Yatagai Scholarship Fund has helped 100 children complete high school education

Fumie Yatagai, 61, of Japan came to India two years ago to fulfil a dream of 40 years.

Hailing from Saitama, near Tokyo, she completed her early education in Canada. But a traditional upbringing prevented her from pursuing higher education. “At 25 I had to get married to the man my father chose for me,” she said.

When she learnt that her friend had become a professor at the age of 40, she yearned to go to college. “But I had to devote time to raise my family of two children.” It was this desire to study that led her to set up a trust with the money her parents left her.

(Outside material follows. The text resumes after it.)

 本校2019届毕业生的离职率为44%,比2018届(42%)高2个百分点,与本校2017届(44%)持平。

“As I was the only child I could do what I pleased with the money. I set up an NGO and decided to help poor children complete their school education.” Through the Yatagai Scholarship Fund, she has helped 100 children in India and Nepal complete high school education in the last 15 years. “I believe if a child can complete school then it will find a way to finish college education also.”

But she also had a dream, one that she nurtured throughout her married life. “It was my dream as a child to get a Ph.D. But my husband was transferred to work in Fuji Films' factory, far from Tokyo.” At 52, she graduated with M.Sc. in Agriculture but had to move to her husband's ancestral home in the country when he settled after retirement. He belonged to one of the 40 families that trace their lineage to the Samurais.

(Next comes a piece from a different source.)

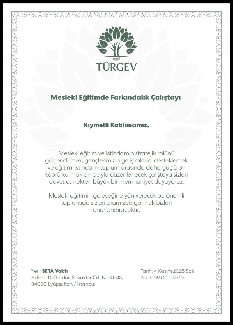 TÜRGEV 'in düzenlediği Mesleki eğitim ve istihdamın stratejik rolünü güçlendirmek, gençlerimizin gelişimlerini desteklemek ve eğitim-istihdam-toplum arasında daha güçlü bir köprü kurmak amacıyla düzenlenen çalıştay 4 Kasım 2025 tarihinde gerçekleştirilmiştir.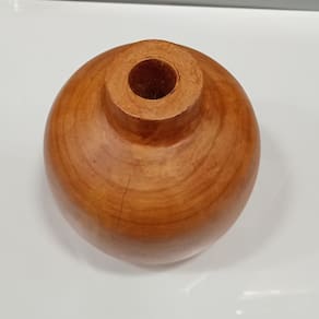 Altura: 18,2 cm Largura: 15 cm Profundidade: 15 cm Peso: 0,63 Kg Diâmetro da Base: 10,5 cm Diâmetro do Topo: 3 cm Material: Madeira Cor: Marrom

Five years ago her husband died . An Indian friend suggested that she visit India and helped her find her feet in Chennai. She decided to study at the Madras University. Ms. Yatagai completed her M.Phil in Journalism and has registered for Ph.D. in the Department of Journalism and Mass Communication, University of Madras.

Her thesis is on the well-known filmmaker Yasujiro Ozu whose films are based on the stories of ordinary people that do not feature violence, war or romance.